Der Bundesgerichtshof (BGH) hat mit Urteil vom 14. Juni 2016 – II ZR 121/15 entschieden, dass ein Genussscheininhaber nach allgemeinen Grundsätzen Rechenschaftslegung von dem Emittenten verlangen kann, soweit dies zur Plausibilisierung seines Anspruchs benötigt wird.
Zur Entscheidung
Ein weitergehender Auskunftsanspruch zur einzelnen Bilanzpositionen besteht aber nur bei dem begründeten Verdacht eines rechtsmissbräuchlichen oder gezielt den Interessen der Genussscheininhaber zuwider laufenden Maßnahmen. Die zulässige Ausübung von Gestaltungsspielräumen bei der Aufstellung des Jahresabschlusses und der Gewinnverwendung hat der Genussscheininhaber aber grundsätzlich hinzunehmen.

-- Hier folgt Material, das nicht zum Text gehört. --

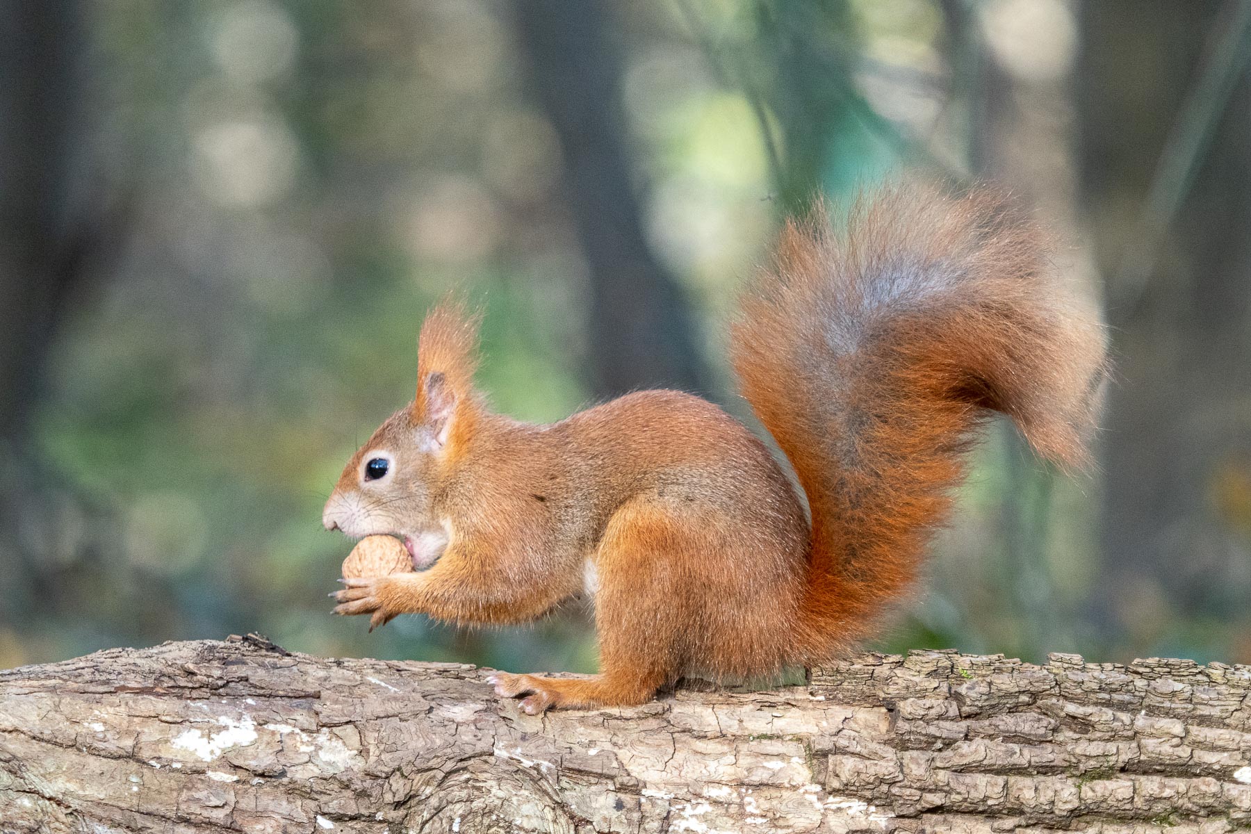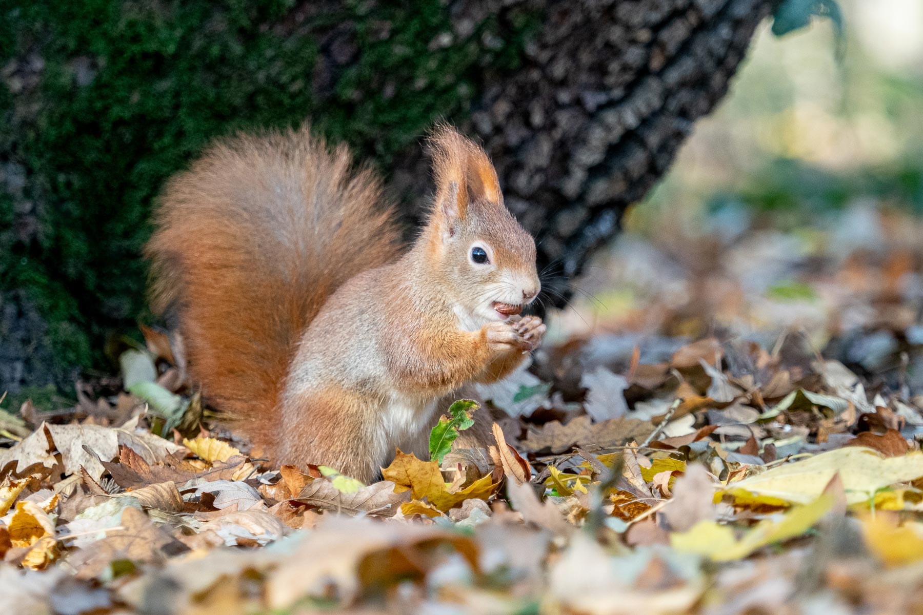 Eichkätzchen gehören zu den bekanntesten wildlebenden Säugetieren unserer Heimat. Als Baumbewohner sind sie sehr geschickte Kletterer und können sogar kopfüber an einem Stamm hinunterlaufen. Beim Klettern und Springen dient ihnen ihr großer und buschiger Schwanz als Balancierstange. Sie sind überwiegend tagaktiv, ernähren sich vor allem von Nüssen, Samen, Früchten und anderen Pflanzenteilen und kommen nur auf den Boden zur Nahrungssuche und genau das ist unsere Chance.

Das Genussrechtsverhältnis sei ein Dauerschuldverhältnis eigener Art, da das Genussrecht auf wiederkehrende Leistung gerichtet ist. Es begründet aber keine Gesellschafterrechte, insbesondere keine Teilnahme- und Stimmrechte, so dass den Genussscheininhaber auch nicht die Kontrollrechte der Gesellschafter, etwa nach § 233 HGB, zustehen.

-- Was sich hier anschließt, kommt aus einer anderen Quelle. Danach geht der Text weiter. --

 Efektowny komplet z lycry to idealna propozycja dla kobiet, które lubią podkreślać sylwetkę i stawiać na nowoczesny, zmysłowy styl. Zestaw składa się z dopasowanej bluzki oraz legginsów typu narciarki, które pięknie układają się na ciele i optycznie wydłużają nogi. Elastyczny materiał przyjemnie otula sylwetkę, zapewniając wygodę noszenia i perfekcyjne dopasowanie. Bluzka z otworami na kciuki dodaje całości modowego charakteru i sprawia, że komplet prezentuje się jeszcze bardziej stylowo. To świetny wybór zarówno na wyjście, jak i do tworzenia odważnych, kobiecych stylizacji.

Auch wenn die Genussrechtsbedingungen dies vertraglich nicht vorsehen, hat aber der Genussrechteinhaber einen Informationsanspruch nach den allgemeinen Regelungen. Aus §§ 666, 681, 687 Abs. 2 BGB in Verbindung mit § 242 BGB ergebe sich der allgemeine Rechtsgrundsatz, dass rechenschaftspflichtig ist, wer fremde oder solche Angelegenheiten besorgt, die zugleich fremd und eigene sind. Diese Rechenschaftslegungspflicht bestehe bei jedem Rechtsverhältnis, dessen Wesen es mit sich bringt, dass der Berechtigte in entschuldbarer Weise über Bestehen und Umfang seines Rechts in Ungewissen ist, der Verpflichtete hingegen unschwer in der Lage ist, solche Auskünfte zu erteilen.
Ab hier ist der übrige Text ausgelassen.